**WHAT YOU WILL DO:** The reply should hold only the lines from the one with "レリーフ リゾートフラワー バリストーン風 ホワイト セラミック フラワー" to the one with "Zweimal im Jahr", both ends kept, exactly as they appear below, without any pictures.

**STUDY MATERIAL:**
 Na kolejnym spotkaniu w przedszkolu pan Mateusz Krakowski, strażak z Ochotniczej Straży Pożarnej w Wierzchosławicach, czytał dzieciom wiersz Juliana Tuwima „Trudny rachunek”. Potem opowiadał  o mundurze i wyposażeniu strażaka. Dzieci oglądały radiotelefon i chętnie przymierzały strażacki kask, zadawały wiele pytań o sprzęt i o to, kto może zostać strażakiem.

==

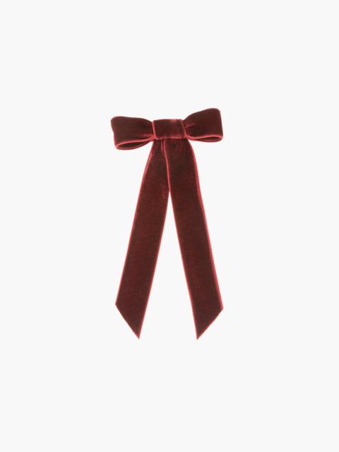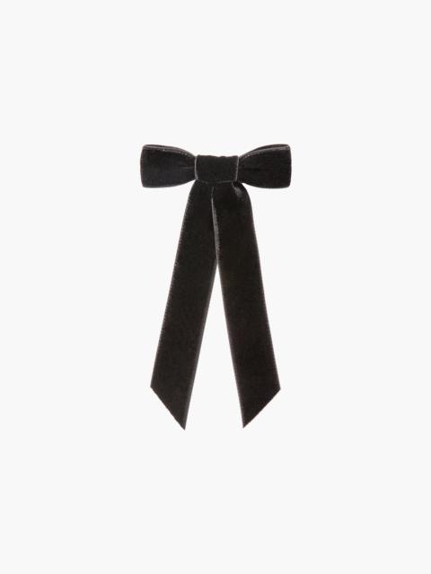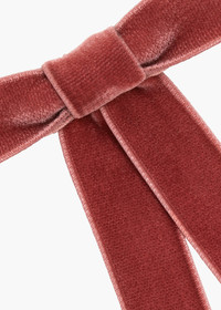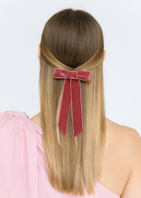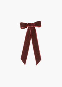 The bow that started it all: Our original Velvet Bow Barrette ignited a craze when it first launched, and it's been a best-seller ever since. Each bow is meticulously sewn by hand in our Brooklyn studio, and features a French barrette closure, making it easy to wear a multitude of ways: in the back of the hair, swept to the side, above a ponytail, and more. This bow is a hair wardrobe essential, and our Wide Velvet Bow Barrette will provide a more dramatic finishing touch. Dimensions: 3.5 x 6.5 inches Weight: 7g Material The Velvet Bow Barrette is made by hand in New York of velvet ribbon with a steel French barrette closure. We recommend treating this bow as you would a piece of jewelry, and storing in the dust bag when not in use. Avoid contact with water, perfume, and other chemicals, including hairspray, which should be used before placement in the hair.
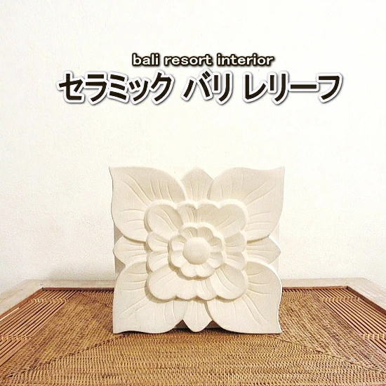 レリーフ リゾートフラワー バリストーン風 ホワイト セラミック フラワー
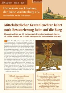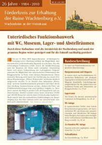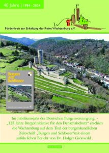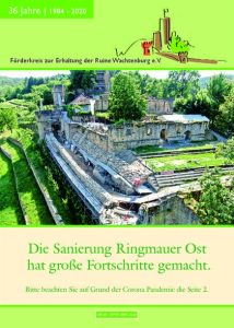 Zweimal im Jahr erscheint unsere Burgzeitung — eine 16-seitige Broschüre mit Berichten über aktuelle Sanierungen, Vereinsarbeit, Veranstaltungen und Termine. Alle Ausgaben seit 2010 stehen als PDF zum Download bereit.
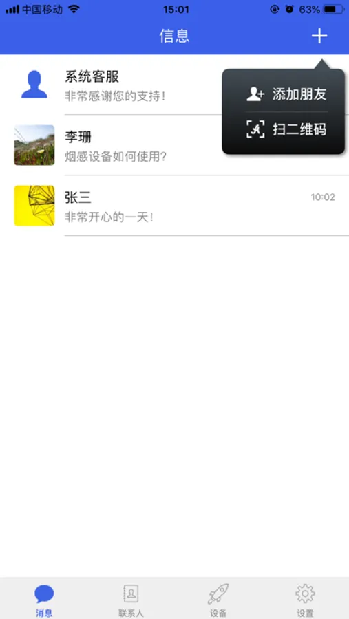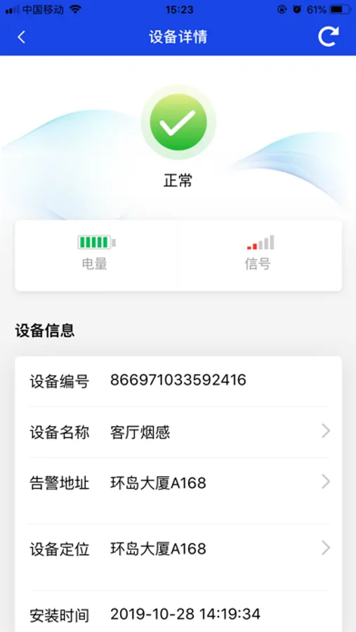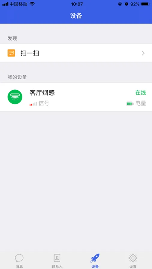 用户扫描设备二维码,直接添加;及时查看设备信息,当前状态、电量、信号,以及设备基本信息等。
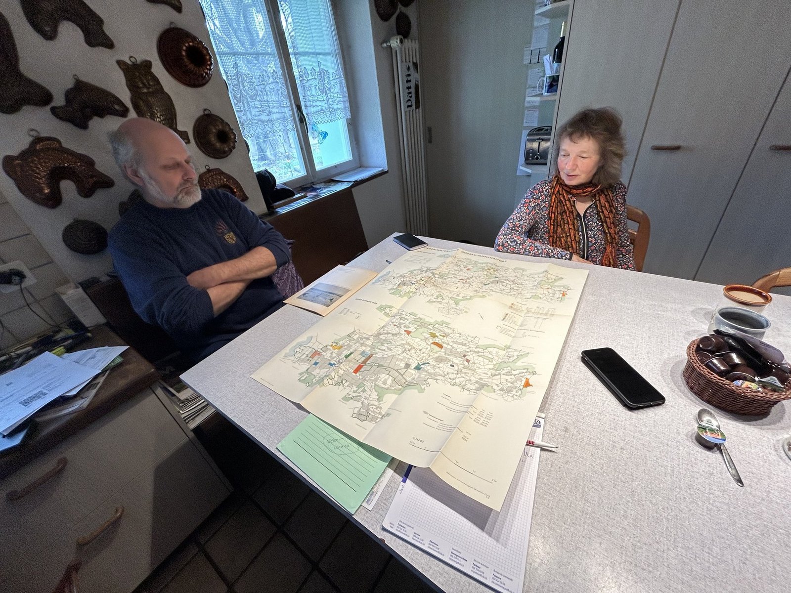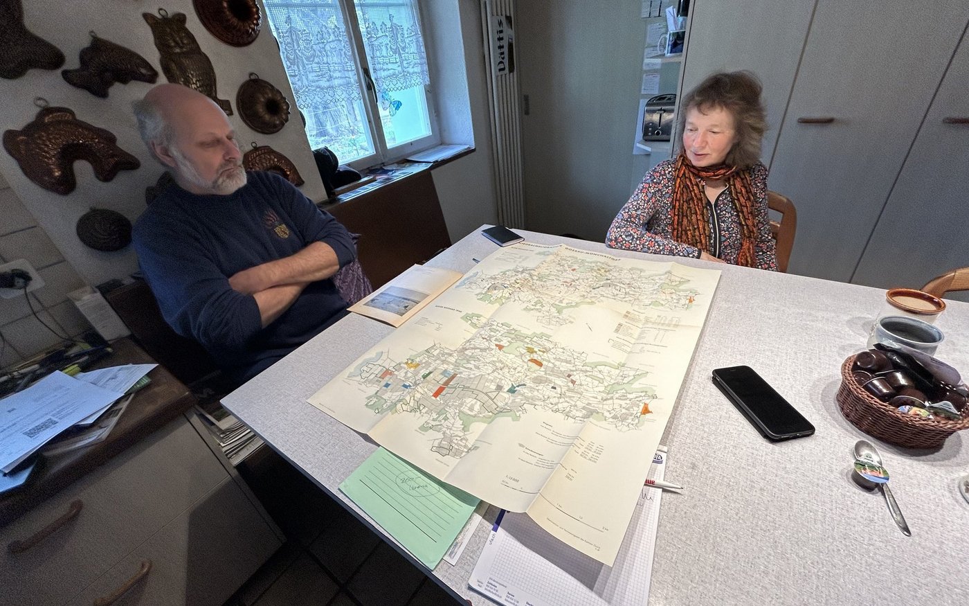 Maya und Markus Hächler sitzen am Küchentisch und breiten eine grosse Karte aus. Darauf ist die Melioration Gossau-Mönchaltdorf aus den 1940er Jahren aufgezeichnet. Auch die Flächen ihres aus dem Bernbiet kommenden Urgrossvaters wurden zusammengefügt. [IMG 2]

---

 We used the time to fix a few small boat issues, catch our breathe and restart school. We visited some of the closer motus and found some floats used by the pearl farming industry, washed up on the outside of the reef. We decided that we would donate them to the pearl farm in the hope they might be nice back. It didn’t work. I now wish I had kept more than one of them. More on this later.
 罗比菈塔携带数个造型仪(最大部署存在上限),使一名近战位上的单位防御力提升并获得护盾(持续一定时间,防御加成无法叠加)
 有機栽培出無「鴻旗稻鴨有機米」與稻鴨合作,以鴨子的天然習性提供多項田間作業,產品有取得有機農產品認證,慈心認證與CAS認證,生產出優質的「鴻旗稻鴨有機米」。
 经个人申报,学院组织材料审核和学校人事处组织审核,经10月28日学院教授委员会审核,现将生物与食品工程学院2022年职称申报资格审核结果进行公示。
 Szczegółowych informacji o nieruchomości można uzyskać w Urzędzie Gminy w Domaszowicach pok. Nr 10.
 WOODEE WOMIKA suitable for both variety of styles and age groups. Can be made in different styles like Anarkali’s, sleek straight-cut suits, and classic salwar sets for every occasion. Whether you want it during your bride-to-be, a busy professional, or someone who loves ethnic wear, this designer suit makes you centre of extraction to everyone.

**FINAL ANSWER:**
 レリーフ リゾートフラワー バリストーン風 ホワイト セラミック フラワー
 Zweimal im Jahr erscheint unsere Burgzeitung — eine 16-seitige Broschüre mit Berichten über aktuelle Sanierungen, Vereinsarbeit, Veranstaltungen und Termine. Alle Ausgaben seit 2010 stehen als PDF zum Download bereit.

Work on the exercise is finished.